3- Hak Yoksunluğu Cezanın İnfazının Tamamlanmasına Kadar Devam Etmesi Şartı

Yeni Türk Ceza Kanunu’nda benimsenen yaptırım sisteminde, belli bir suçu işlemekten dolayı cezaya mahkûmiyetin sonucu olarak, ömür boyu devam edecek bir hak yoksunluğu öngörülmemiş; bunlara belirli bir süre sınırı getirilmiştir.

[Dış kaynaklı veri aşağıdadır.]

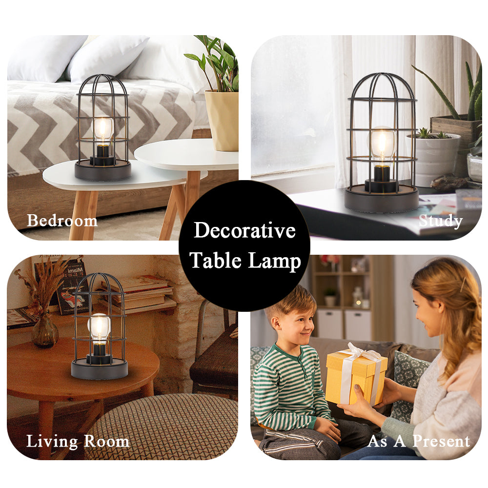 9.5''H Decorative Table Lamp Metal Cage Cordless Lamps with LED Bulb(Black)

Kişi, işlemiş bulunduğu suç dolayısıyla mahkûm olduğu hapis cezasının infazı tamamlanıncaya kadar bu hakları kullanamaz (m. 53/2). Buradaki “infazın tamamlanması”ndan kasıt, şartlı tahliye (koşullu salıverilme) (5275 s. CGTİHK. m.107) tarihi değil, bihakkın tahliye (hak ederek salıverilme) tarihidir.

Kabul edilen yeni sistemde, söz konusu hak yoksunluklarının, mahkûm olunan cezanın infazı tamamlanıncaya kadar devam etmesi öngörülmüştür. Böylece, kişi mahkûm olduğu cezanın infazı tamamlanıncaya kadar, infazın gereklerine uygun davranmak suretiyle, kendisinin tekrar güven duyulan bir kişi olduğu konusunda topluma da bir mesaj verdiği düşünülmektedir. Bu bakımdan, hak yoksunluklarının en geç cezanın infazının tamamlanması aşamasına kadar devam etmesi, suç ve ceza politikasıyla güdülen amaçlara daha uygun düşmektedir.

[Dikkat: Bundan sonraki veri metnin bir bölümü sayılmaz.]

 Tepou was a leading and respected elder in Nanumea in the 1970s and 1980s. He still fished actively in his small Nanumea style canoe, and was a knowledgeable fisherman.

Bu sistemde, mahkûmiyete bağlı hak yoksunlukları, mahkûmiyetin kesinleşmesiyle başlayıp, mahkûm olunan hapis cezasının infazı tamamlanıncaya kadar devam edecektir.

Hapis cezasının infazının tamamlanmasına kadar devam edecek olan söz konusu hak yoksunlukları , infazın tamamlandığı tarih itibariyle, hiçbir işleme gerek bulunmaksızın kendiliğinden ortadan kalkar. Diğer bir deyişle, yoksun kalınan haklar, hapis cezasının infazının tamamlandığı anda kendiliğinden avdet eder.

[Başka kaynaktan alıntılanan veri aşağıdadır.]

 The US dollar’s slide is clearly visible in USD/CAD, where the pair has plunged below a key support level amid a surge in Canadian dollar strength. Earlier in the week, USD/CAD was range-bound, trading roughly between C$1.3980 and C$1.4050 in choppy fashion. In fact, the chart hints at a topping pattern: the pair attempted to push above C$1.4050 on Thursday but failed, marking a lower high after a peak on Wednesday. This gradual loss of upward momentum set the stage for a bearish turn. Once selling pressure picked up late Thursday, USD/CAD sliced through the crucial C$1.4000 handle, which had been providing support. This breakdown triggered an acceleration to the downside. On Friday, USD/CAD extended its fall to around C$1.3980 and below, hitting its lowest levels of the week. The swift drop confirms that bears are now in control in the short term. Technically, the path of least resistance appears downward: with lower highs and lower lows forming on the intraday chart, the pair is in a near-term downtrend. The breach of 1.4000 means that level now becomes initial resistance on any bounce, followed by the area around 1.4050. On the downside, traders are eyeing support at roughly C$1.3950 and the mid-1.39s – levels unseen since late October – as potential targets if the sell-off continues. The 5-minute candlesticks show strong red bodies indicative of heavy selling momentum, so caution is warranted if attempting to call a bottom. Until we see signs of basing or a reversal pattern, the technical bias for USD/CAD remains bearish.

Kanuni Netice Olarak İnfaz Süresiyle Sınırlı Bir Şekilde Uygulanan Hak Yoksunluğunun Şartları

Ceza mahkûmiyetinin kanuni sonucu olan hak yoksunluklarının uygulaması hükmedilen cezaya bağlı olarak değişmektedir. Bu mahkûmiyetlere bağlanan kanuni neticeleri şu başlıklar altında sırlayabiliriz.

1- Hapis Cezası Ertelenmemişse: (Kısa süreli veya uzun süreli olması önemli değil)

Kanun kişinin kasten işlemiş olduğu suçlardan dolayı hapis cezasına mahkûmiyetinin kanuni sonucu olarak 53/1. maddenin (a), (b), (c), (d) ve (e) bentlerindeki hak yoksunluklarından mahrum edilmesini öngörüyor. Mahkûmiyet halinde bu hak yoksunluklarının gösterilmemesi kazanılmış hak oluşturmaz.

Bununla beraber hak yoksunlukları gösterilecekse şu şekilde formüle edilebilir:

a– “Sanığın hapis cezasının mahkûmiyetin kanuni sonucu olarak TCK’nın 53/1. maddesindeki haklardan yoksun bırakılmasına

veya

b- “Sanık hakkında TCK’nın 53/1. maddesinin (a), (b), (d) ve (e) bentlerindeki haklardan hapis cezasının infazına kadar (Bihakkın tahliye tarihine kadar) (c) bendindeki haklardan ise koşullu salıvermeye kadar yoksun bırakılmasına.”

2- Uzun Süreli (Bir yıldan fazla olanlar) Hapis Cezası Ertelenmişse

Kanunun 51. maddesinde hapis cezasının ertelenmesi müessesi düzenlenmiştir. Bu maddeye göre bir yıldan fazla hapis cezasının ertelenmesi halinde, (genel kural üst sınır iki yıl olmasına rağmen 65 yaşını dolduranlar bakımından bu üç yıla kadar uzamaktadır.) 53. madde bu ertelemeye hak yoksunluğu bakımından farklı sonuçlar yüklemektedir.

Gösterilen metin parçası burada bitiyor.